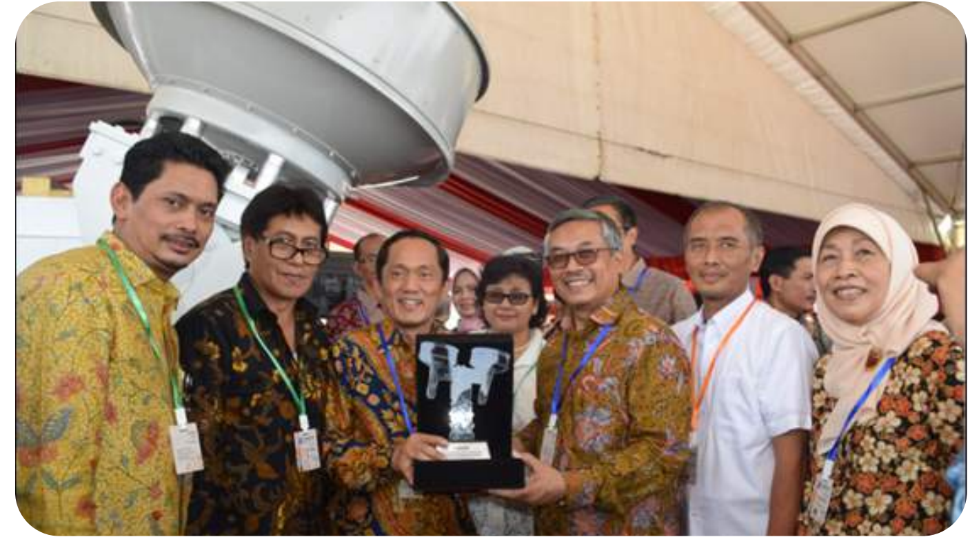
Kerja Sama dengan BUMN Nasional untuk Pengembangan Radar Cuaca

PT LAPI ITB telah melaksanakan kerja sama dengan berbagai lembaga dan perusahaan, yang meliputi:
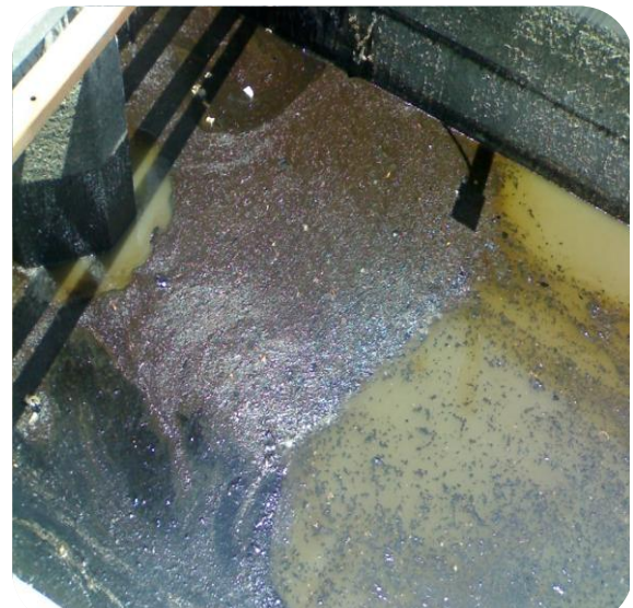
الشكل (7) طرح مخلفات معاصر الزيتون والزيتون الصناعية والفيول والزفت في مجرى مياه الصرف الصحي
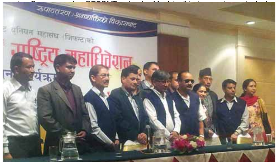
Comité Ejecutivo de GEFONT

El comité central de NEST, compuesto por los líderes de los principales distritos de la ciudad, nos piden que remitamos cartas, tanto al gobierno de Nepal como a
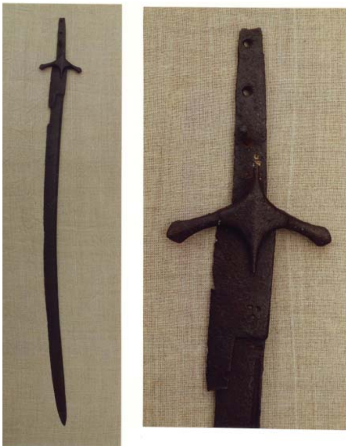
Рис. 1. Сабля. XV-XVI вв. Поволжье. НМ РТ.
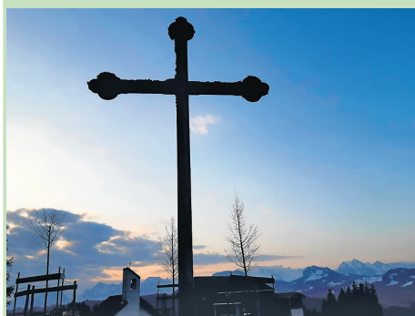
Ein Kreuz mit einer Weitsicht über den Bergen

Dieses Gebet betete der heilige Franziskus mit seinen Brüdern vor am Wegrand aufgestellten Kreuzen, in Kapellen und Kirchen und vor dem Tabernakel, dem besonderen Ort der leibhaften Gegenwart Christi in einer Kirche. Dieses Gebet beten darum auch die Franziskaner in deutsch oder lateinisch am Ende ihrer Gebetszeiten. Es erinnert uns daran, dass Christus immer hier und jetzt gegenwärtig ist und sich uns erlösend schenkt.
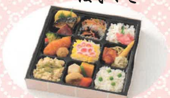
はなやぎ はなやぎ
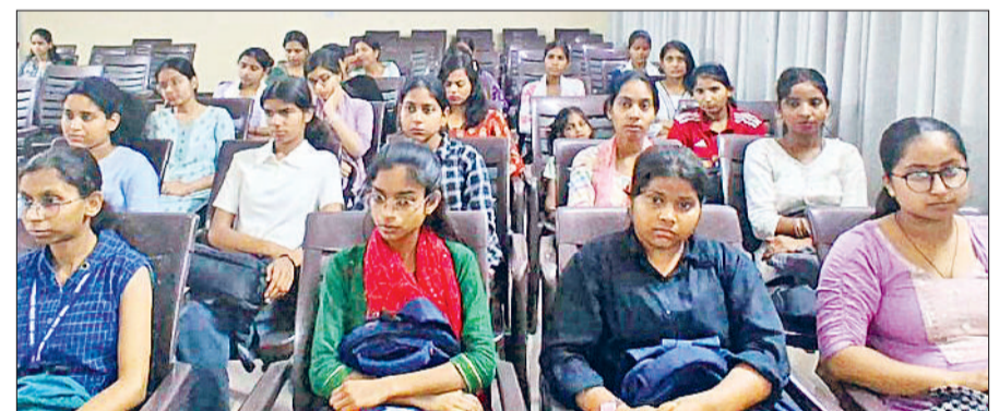
बहादुरगढ़। वैश्य आर्य कन्या महाविद्यालय में आयोजित सेमिनार में मौजूद छात्राएं।
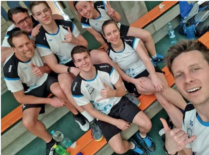
1. Mannschaft Badminton (Meisterteam).

Aufstieg in die Verbandsliga größter Erfolg der Vereinsgeschichte im Badminton des ASV-Bellenberg
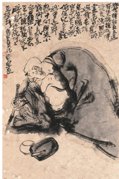
《狂僧挥翰狂且逸》 46cm×30cm 张宜
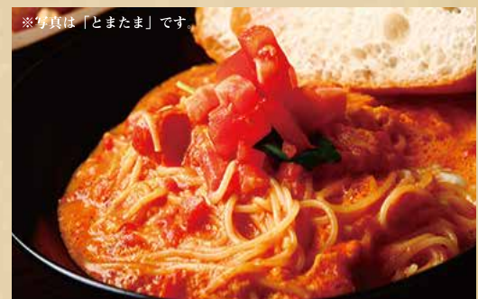
※写真は「とまたま」です

ニンニクと唐辛子の自家製オイルで作ったペペロンチーノを卵でとじたB級グルメパスタです。
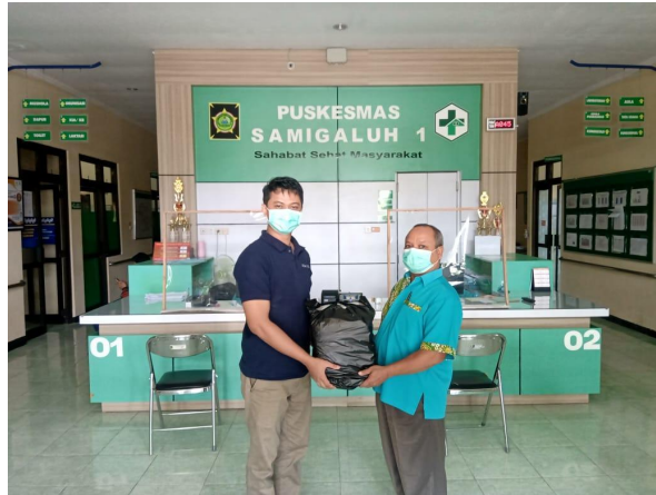
Gambar 6. Penyerahan APD
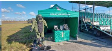
Przed namiotem stoi sprzęt wykorzystywany przez pirotechników Straży Granicznej.
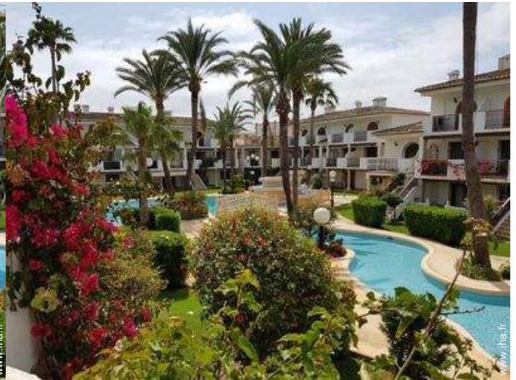
Résidence de standing
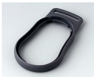
B9002302 Bague intermédiaire DS TPE lava
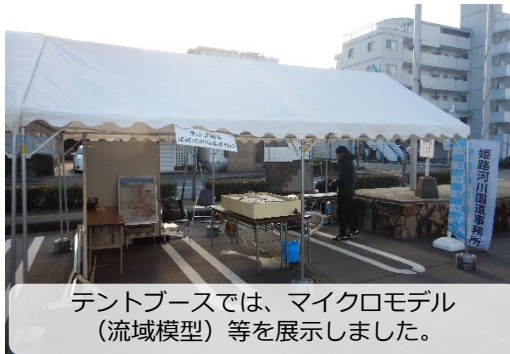
テントブースでは、マイクロモデル（流域模型）等を展示しました。
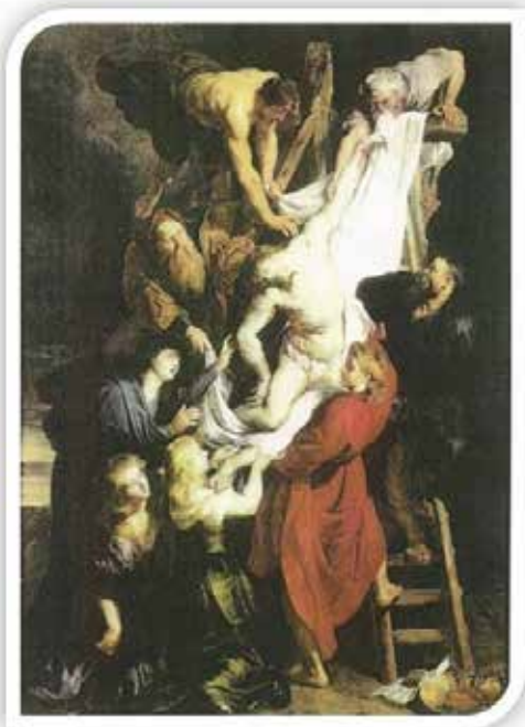
Slika Skidanje s križa Pétera Rubensa koju je Utemeljiteljica imala u sobi

“Ako u kući ne stanuje gospodar, brzo je zahvati tama, nečistoća i neizglednost, te se sve napuni smećem i smradom. Tako se i duša ako u njoj nema Gospodina s anđelima koji ga u njoj slave, ispunja tminama grijeha, ružnim privrženostima i svakovrsnom sramotom. Jao putu kojim nitko ne ide i na kojem glasa čovječjeg čuti nije. Stan je zvjeradi. Jao duši ako po njoj ne šeće Gospodin koji glasom svojim goni iz nje zle duhovne zvijeri” (sv. Makarije).
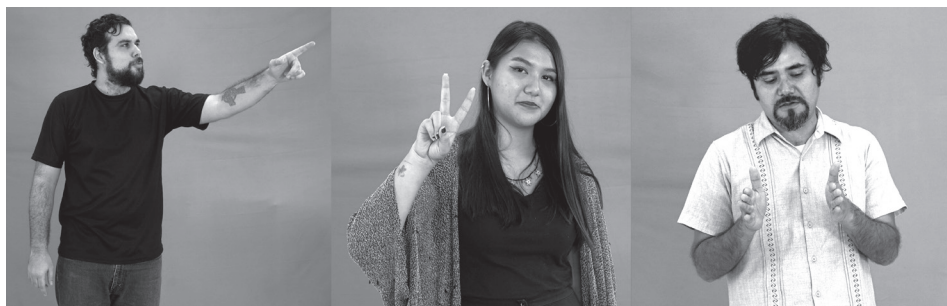
A. Un gesto de señalamiento

hablantes usan regularmente para que sea interpretada de una manera relativamente predecible. Sin embargo, la convencionalidad no implica que la forma deba ser discreta ni tampoco arbitraria. Buena parte de los gestos que utilizamos cotidianamente son altamente convencionales pero graduales y motivados (icónica o metafóricamente). Por otro lado, el que sean convencionales también les impone restricciones para su uso y su forma: el gesto de “amor y paz” debe tener los dedos índice y medio extendidos y separados entre sí, mientras que el pulgar debe sostener a los dedos anular y meñique presionando, con su yema, sobre ellos (ver Figura 7b). Cualquier versión que fuera distinta en estos parámetros articulatorios sería juzgada como ‘rara’ o ‘inadecuada’.
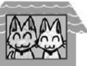
「宣誓！無責任飼い主0宣誓！！」環境省パンフレットより

各町の飼い猫の適正な飼養及び管理に関する条例を守り 最後まで愛情と責任をもって飼いましょう！
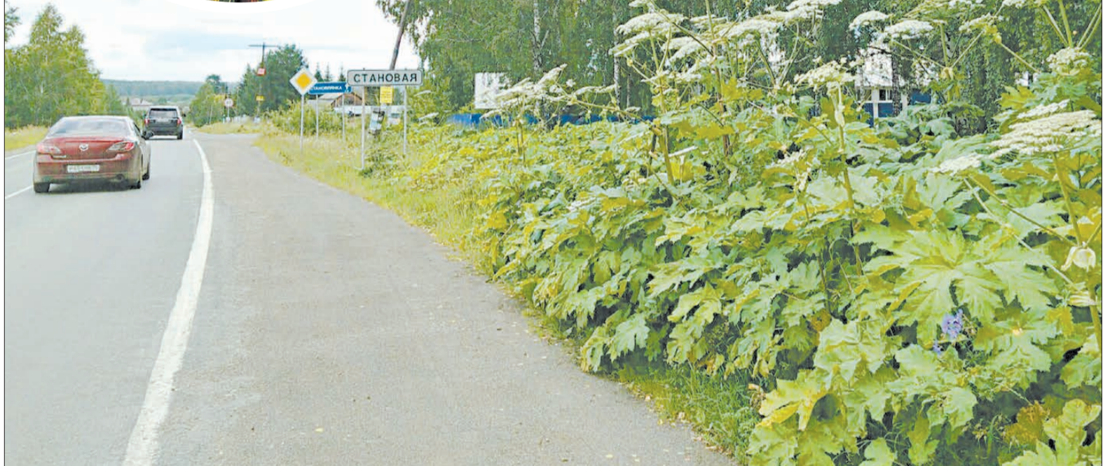
По обочинам почти всех дорог вокруг Берёзовского растёт опасный для людей борщевик Сосновского. Он уже заполнил бесхозные поля.
____________
**Task details**
Copy the lines above between the one holding "Aufstieg in die" and the one holding "B9002302 Bague intermédiaire DS TPE lava", inclusive. Drop the pictures.

**Written reply**
Aufstieg in die Verbandsliga größter Erfolg der Vereinsgeschichte im Badminton des ASV-Bellenberg
《狂僧挥翰狂且逸》 46cm×30cm 张宜
※写真は「とまたま」です

ニンニクと唐辛子の自家製オイルで作ったペペロンチーノを卵でとじたB級グルメパスタです。
Gambar 6. Penyerahan APD
Przed namiotem stoi sprzęt wykorzystywany przez pirotechników Straży Granicznej.
Résidence de standing
B9002302 Bague intermédiaire DS TPE lava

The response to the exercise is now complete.